EXERCISE DIRECTIONS - Leaving the pictures out, transcribe the records below exactly.

DATA UNDER STUDY -
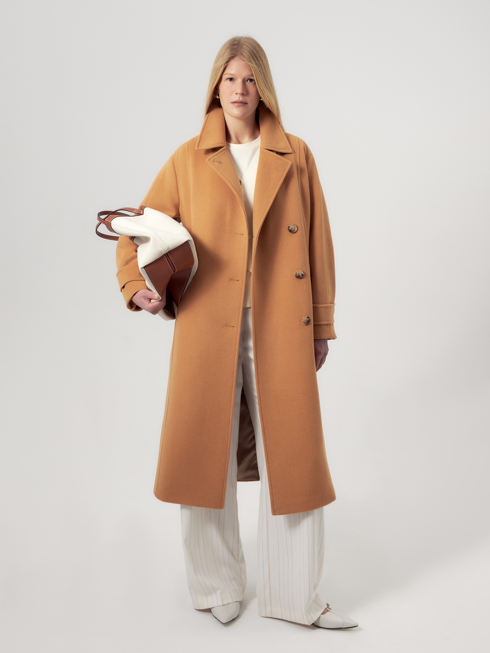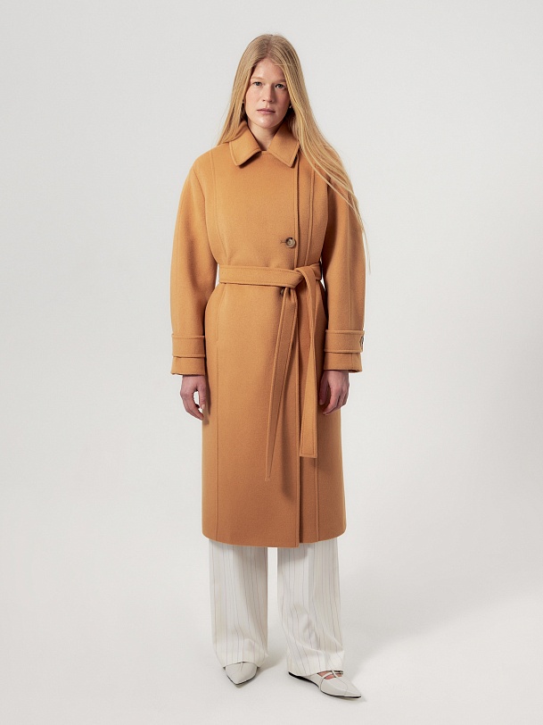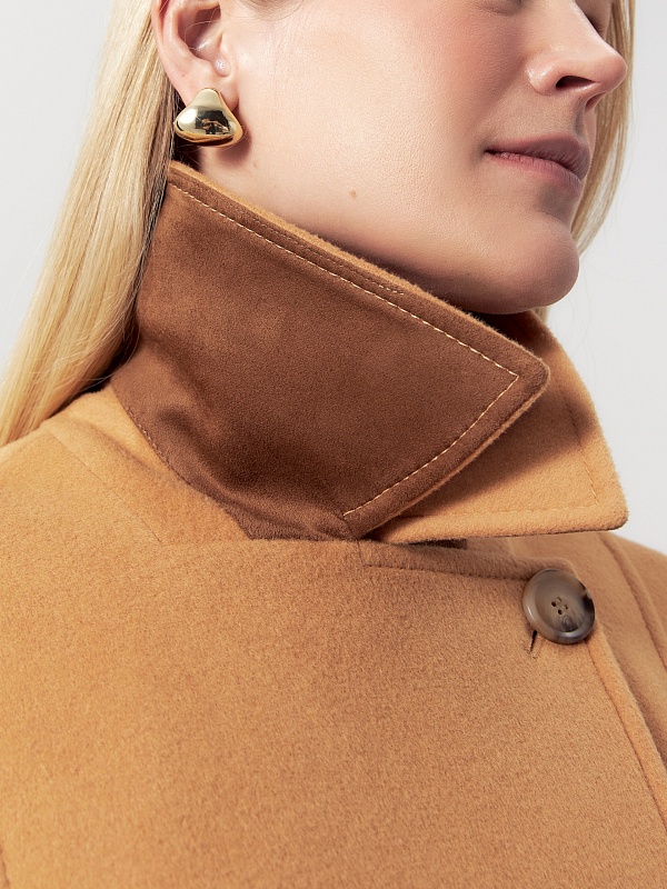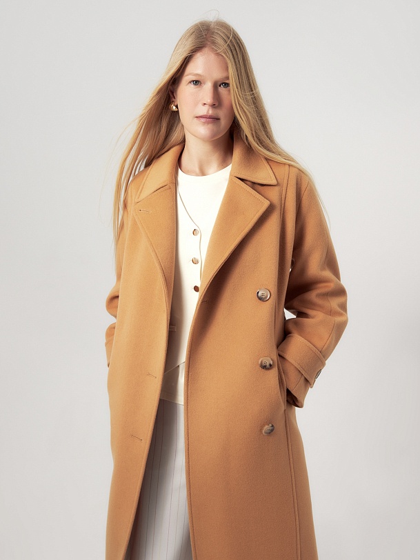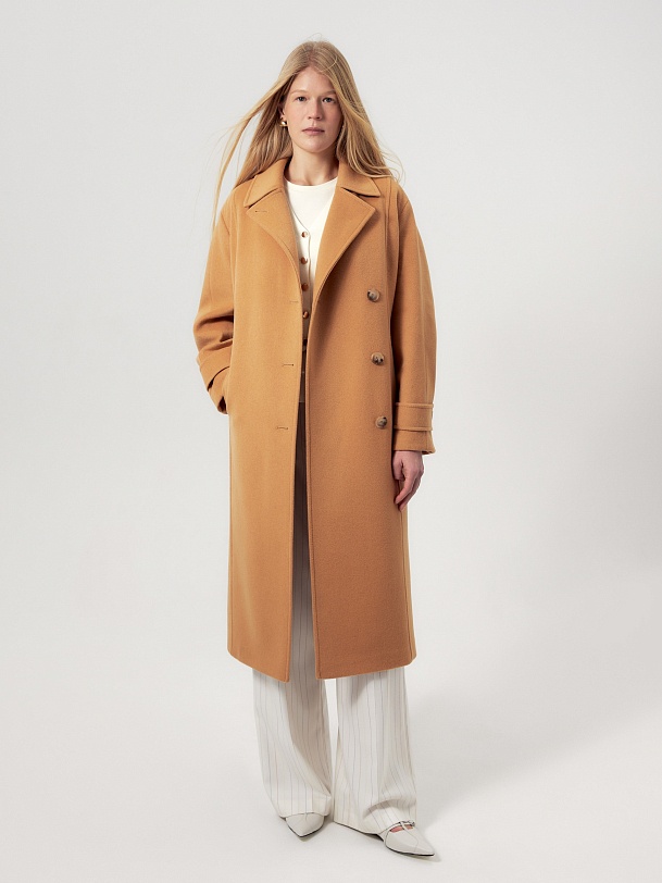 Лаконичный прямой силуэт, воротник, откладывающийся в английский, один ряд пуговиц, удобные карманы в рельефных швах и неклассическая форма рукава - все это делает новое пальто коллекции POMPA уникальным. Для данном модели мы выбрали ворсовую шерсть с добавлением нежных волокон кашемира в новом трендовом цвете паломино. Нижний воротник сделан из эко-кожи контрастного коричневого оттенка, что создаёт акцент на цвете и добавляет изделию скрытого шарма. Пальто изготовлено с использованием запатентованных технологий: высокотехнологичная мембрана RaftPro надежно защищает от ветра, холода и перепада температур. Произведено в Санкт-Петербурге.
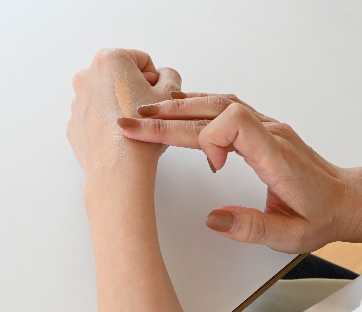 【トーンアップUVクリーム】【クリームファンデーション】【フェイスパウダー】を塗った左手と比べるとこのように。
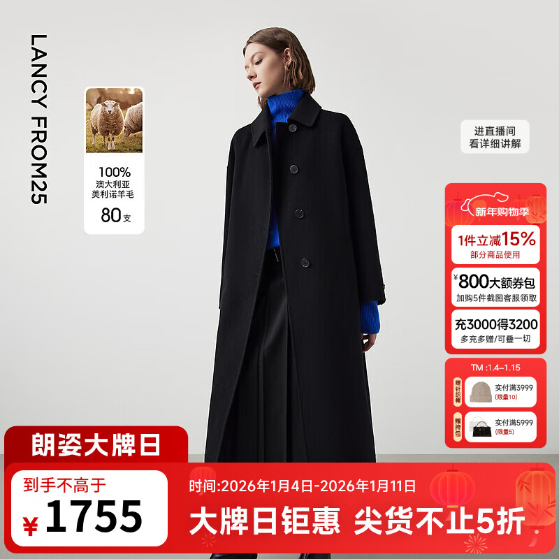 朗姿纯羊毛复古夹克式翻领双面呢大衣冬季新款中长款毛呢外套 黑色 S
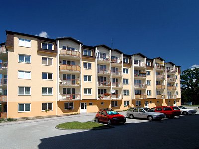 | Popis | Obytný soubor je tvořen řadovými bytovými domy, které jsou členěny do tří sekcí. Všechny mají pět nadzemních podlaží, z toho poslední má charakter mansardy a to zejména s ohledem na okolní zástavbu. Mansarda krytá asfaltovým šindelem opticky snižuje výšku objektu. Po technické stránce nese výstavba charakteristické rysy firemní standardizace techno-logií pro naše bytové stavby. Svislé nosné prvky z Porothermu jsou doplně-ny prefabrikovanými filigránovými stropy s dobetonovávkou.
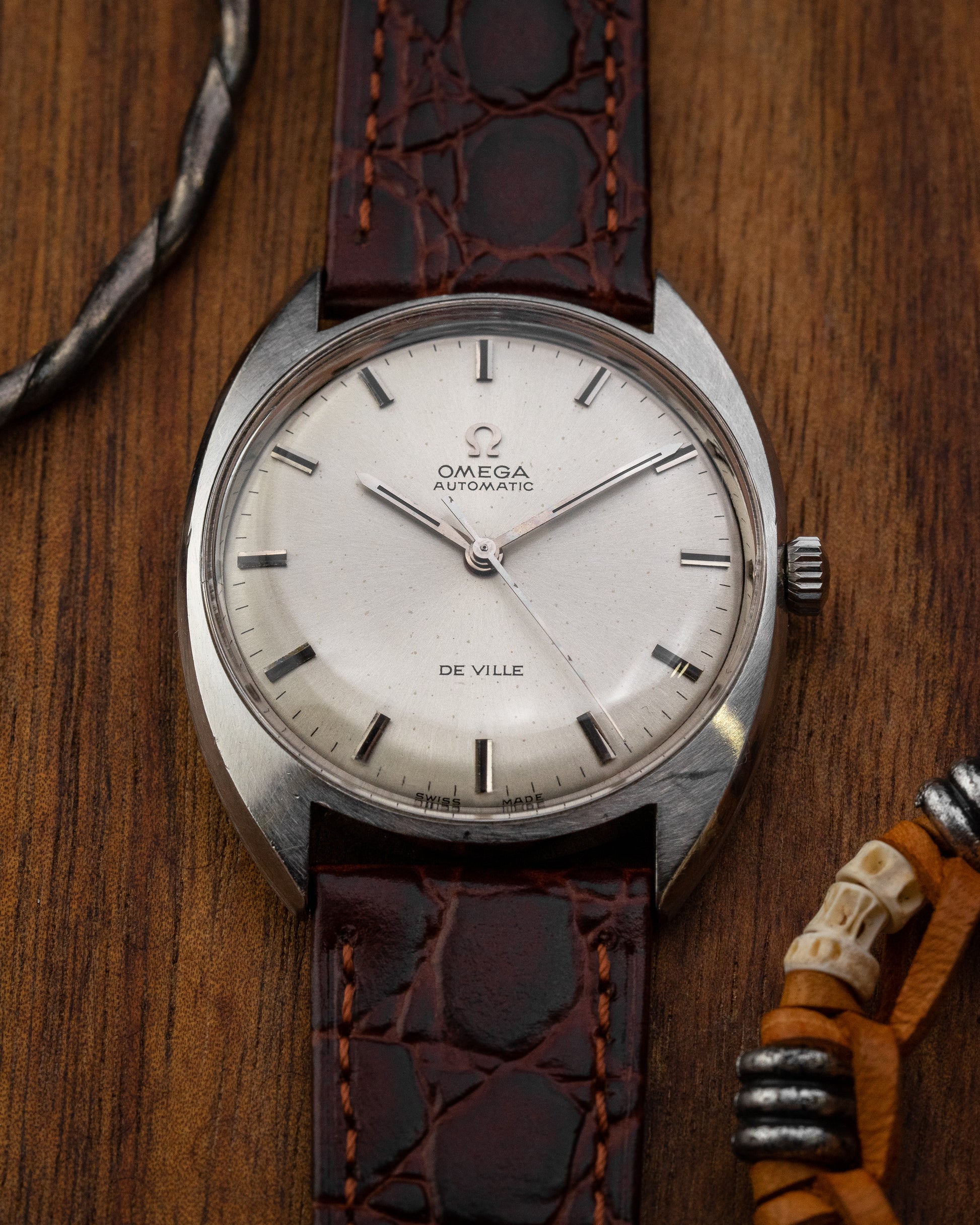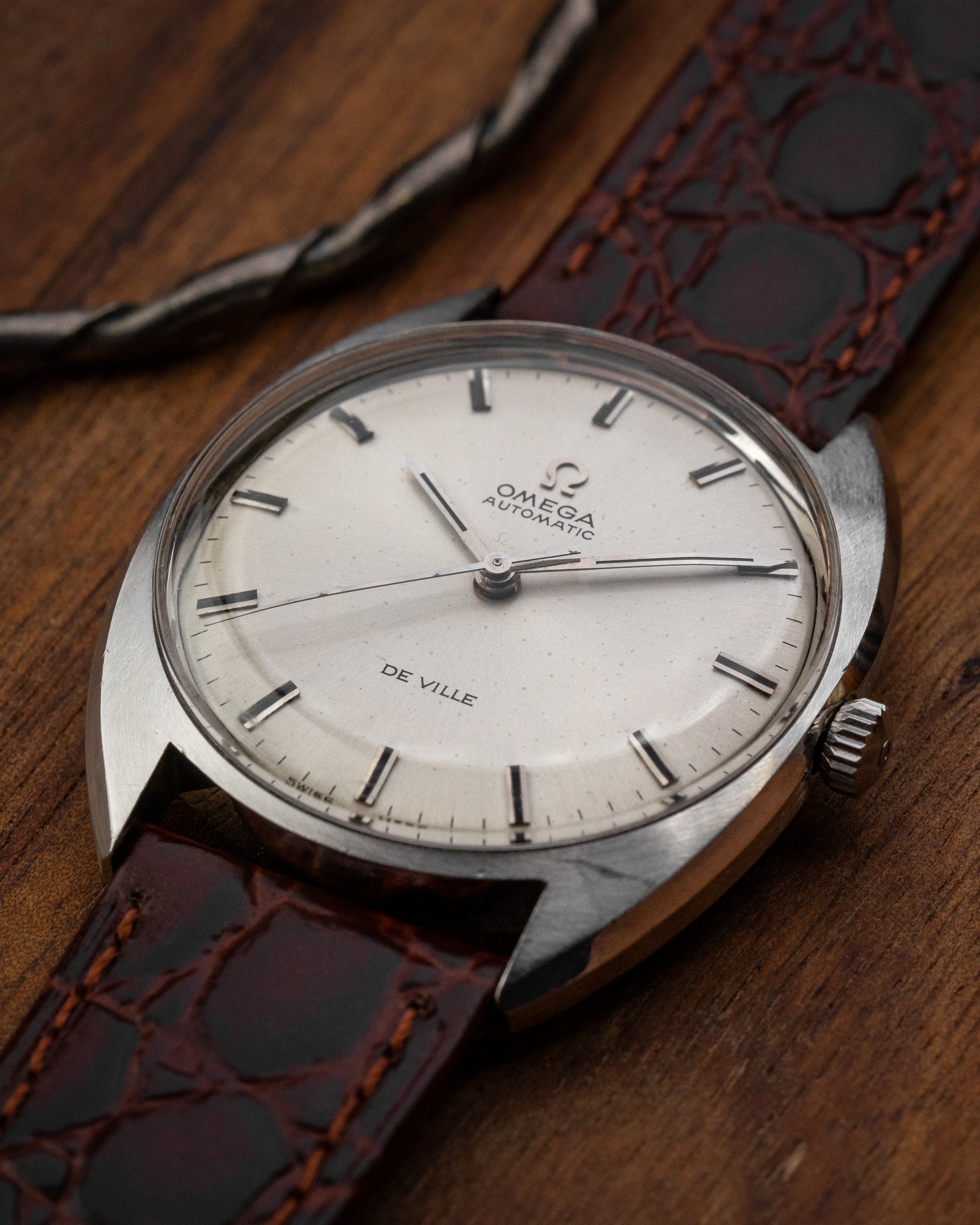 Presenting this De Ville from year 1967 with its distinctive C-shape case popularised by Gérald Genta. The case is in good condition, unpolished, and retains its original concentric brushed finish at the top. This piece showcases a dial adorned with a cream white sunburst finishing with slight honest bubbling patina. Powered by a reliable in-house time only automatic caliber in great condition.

EXERCISE ANSWER -
 Лаконичный прямой силуэт, воротник, откладывающийся в английский, один ряд пуговиц, удобные карманы в рельефных швах и неклассическая форма рукава - все это делает новое пальто коллекции POMPA уникальным. Для данном модели мы выбрали ворсовую шерсть с добавлением нежных волокон кашемира в новом трендовом цвете паломино. Нижний воротник сделан из эко-кожи контрастного коричневого оттенка, что создаёт акцент на цвете и добавляет изделию скрытого шарма. Пальто изготовлено с использованием запатентованных технологий: высокотехнологичная мембрана RaftPro надежно защищает от ветра, холода и перепада температур. Произведено в Санкт-Петербурге.
 【トーンアップUVクリーム】【クリームファンデーション】【フェイスパウダー】を塗った左手と比べるとこのように。
 朗姿纯羊毛复古夹克式翻领双面呢大衣冬季新款中长款毛呢外套 黑色 S
 | Popis | Obytný soubor je tvořen řadovými bytovými domy, které jsou členěny do tří sekcí. Všechny mají pět nadzemních podlaží, z toho poslední má charakter mansardy a to zejména s ohledem na okolní zástavbu. Mansarda krytá asfaltovým šindelem opticky snižuje výšku objektu. Po technické stránce nese výstavba charakteristické rysy firemní standardizace techno-logií pro naše bytové stavby. Svislé nosné prvky z Porothermu jsou doplně-ny prefabrikovanými filigránovými stropy s dobetonovávkou.
 Presenting this De Ville from year 1967 with its distinctive C-shape case popularised by Gérald Genta. The case is in good condition, unpolished, and retains its original concentric brushed finish at the top. This piece showcases a dial adorned with a cream white sunburst finishing with slight honest bubbling patina. Powered by a reliable in-house time only automatic caliber in great condition.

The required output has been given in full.